Closed hseeberger closed 3 years ago
Following the good practices of OSS development and common sense there should be an open description here. Otherwise, it should be opened in some private LB repository.
@sleipnir sorry for that!
Actually everything should be covered here in open: https://github.com/akka/akka-persistence-spanner/issues/99
TL'DR: Bug in akka-persistence-spanner, fix in the RC5 release.
@hseeberger Thank you very much for the clarifications
@sleipnir, you're welcome. BTW, the PR does not pass CI and I cannot see how this should be related to my tiny change. If you have some time to take a look, that would be highly appreciated.
It looks like some layers of the 'cloudstateio/cloudstate-go-tck:latest' docker image were not downloaded in time.
@hseeberger To prevent this type of errors ([info] java.lang.AssertionError: timeout 60 seconds expired) I suggest increasing the test timeout time to double the current time
Thanks, @sleipnir. I am unsure if I should increase the timeout here in this innocent little PR.

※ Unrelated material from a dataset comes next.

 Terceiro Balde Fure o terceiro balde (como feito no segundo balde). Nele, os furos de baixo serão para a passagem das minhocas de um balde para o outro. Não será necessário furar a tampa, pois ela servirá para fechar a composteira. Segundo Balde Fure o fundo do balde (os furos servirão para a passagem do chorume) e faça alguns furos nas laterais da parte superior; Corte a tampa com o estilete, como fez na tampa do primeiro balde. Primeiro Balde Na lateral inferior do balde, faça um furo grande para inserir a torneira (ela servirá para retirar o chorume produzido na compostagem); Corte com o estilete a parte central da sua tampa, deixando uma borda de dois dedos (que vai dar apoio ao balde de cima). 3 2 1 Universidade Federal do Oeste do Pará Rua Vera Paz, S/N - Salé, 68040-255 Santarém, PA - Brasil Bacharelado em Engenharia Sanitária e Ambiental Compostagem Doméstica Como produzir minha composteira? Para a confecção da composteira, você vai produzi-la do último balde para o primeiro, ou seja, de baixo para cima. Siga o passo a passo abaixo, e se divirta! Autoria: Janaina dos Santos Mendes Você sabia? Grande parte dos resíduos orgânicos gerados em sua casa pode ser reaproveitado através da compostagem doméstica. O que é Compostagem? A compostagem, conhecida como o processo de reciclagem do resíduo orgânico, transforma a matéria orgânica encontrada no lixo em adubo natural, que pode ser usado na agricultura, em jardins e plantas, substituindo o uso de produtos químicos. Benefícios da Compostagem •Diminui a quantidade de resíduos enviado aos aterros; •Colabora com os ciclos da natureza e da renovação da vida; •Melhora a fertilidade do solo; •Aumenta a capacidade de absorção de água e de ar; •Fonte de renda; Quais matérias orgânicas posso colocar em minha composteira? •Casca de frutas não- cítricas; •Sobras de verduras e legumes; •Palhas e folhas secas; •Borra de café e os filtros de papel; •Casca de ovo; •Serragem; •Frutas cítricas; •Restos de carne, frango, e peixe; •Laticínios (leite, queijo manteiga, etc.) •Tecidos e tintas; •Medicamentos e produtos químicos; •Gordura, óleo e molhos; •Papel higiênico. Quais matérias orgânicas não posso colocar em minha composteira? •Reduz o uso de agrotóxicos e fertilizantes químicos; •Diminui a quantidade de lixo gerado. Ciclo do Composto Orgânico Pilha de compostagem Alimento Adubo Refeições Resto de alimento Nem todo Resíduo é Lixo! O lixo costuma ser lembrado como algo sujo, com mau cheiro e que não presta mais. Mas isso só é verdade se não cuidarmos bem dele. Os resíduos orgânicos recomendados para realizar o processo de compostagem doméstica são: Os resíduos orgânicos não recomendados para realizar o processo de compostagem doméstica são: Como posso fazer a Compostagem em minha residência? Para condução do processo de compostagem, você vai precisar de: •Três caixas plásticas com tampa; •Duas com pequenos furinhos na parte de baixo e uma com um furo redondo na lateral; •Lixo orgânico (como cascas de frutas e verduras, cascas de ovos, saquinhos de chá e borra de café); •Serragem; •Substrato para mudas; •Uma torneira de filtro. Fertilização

Thanks, @sleipnir. I am unsure if I should increase the timeout here in this innocent little PR.
Obiviously, this change is orthogonal to what happens with the TCK for some time now. Checking the last couple of PR's shows the same issue over and over again, with changes unrelated to the failure in the CI run. As @sleipnir explained possible reasons for the CI run breaking, the explanation has nothing to do with this PR, obiviously.

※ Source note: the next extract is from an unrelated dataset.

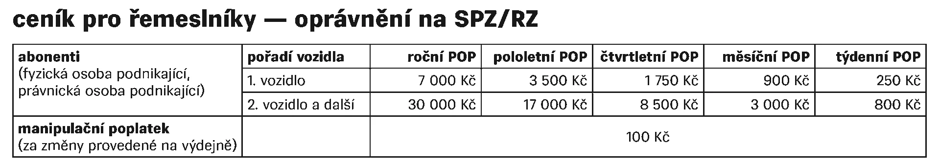 Na kupní smlouvu je možné provést pouze dočasnou změnu RZ (nebo trvalou změnu, pokud je zbývající platnost aktuálního POP do 3 měsíců). V on-line portálu je možná tato dočasná změna až na 16 dní, zdarma a okamžitě, na klientském centru pak za manipulační poplatek 100 Kč

Thanks, @sleipnir. I am unsure if I should increase the timeout here in this innocent little PR.
The suggestion by @sleipnir to increase a timeout is a general improvements suggestion, for sure not to be done with this PR but opening a another one and then try that out there.

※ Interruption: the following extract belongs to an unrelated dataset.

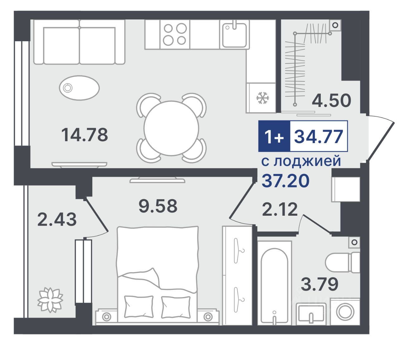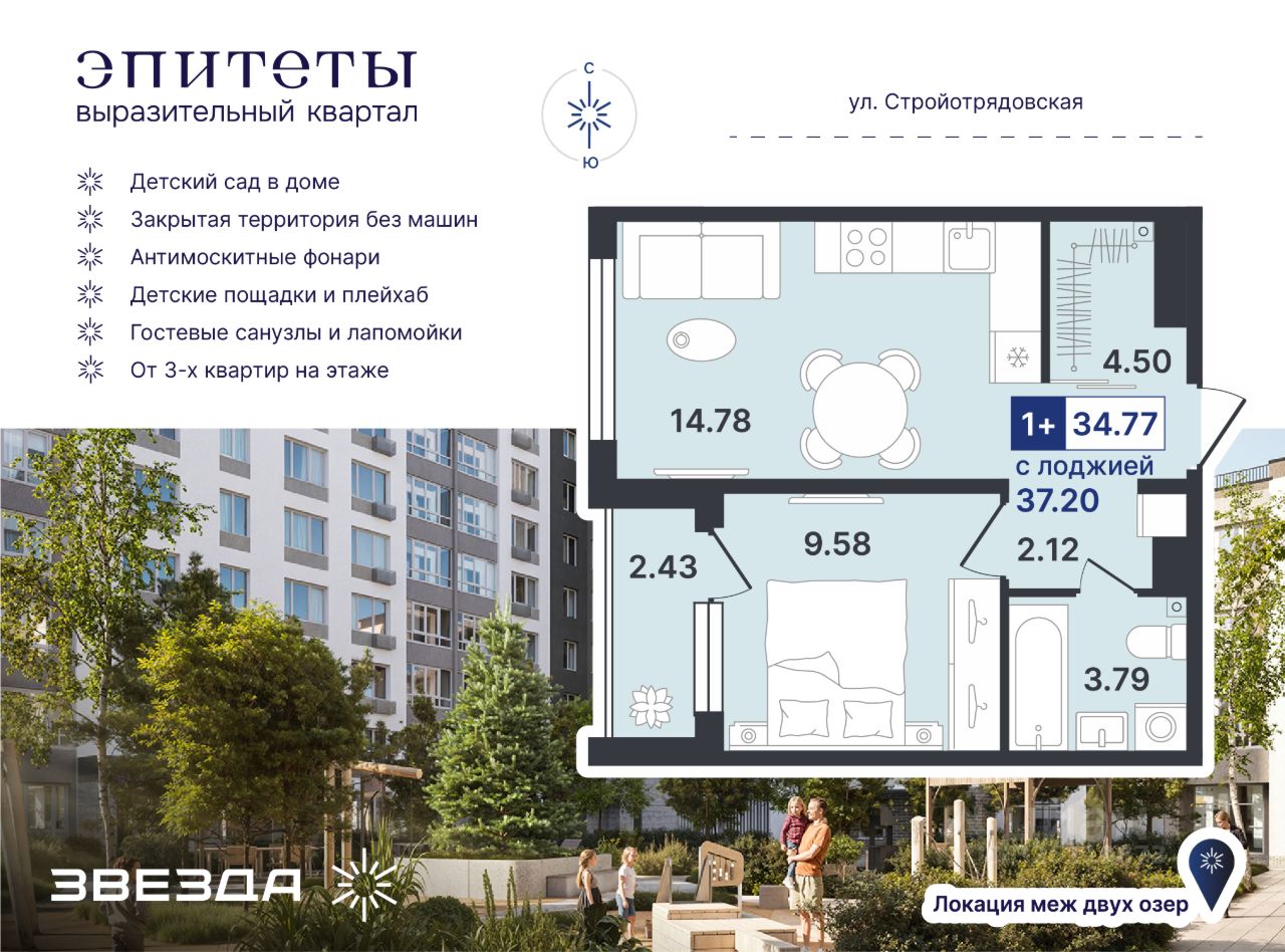 продам 1-к, Стройотрядовская, 44 660 000 ₽

I took some time, like @sleipnir did, to investigate this a bit:
Seeing the PR CI runs of the last few days, many failed like: https://travis-ci.com/github/cloudstateio/cloudstate/jobs/473092960#L1211 and one, in between, succeeded: https://travis-ci.com/github/cloudstateio/cloudstate/jobs/471982238#L1316
and a short test in a devcontainer where the TCK runs with no issues, I assume no functional issue here. This leaves the timeout suggestion by @sleipnir a good one we should try, where I'd prefer the option not racing with a timeout but getting the images before running the TCK.
What is not clear to me is, that despite a few re-runs of the travis job I did, always the fs layers of the same image (cloudstate-go-tck) got retries, which is no coincidence I think.
Thank you @marcellanz for your time analyzing this innocent TCK problem.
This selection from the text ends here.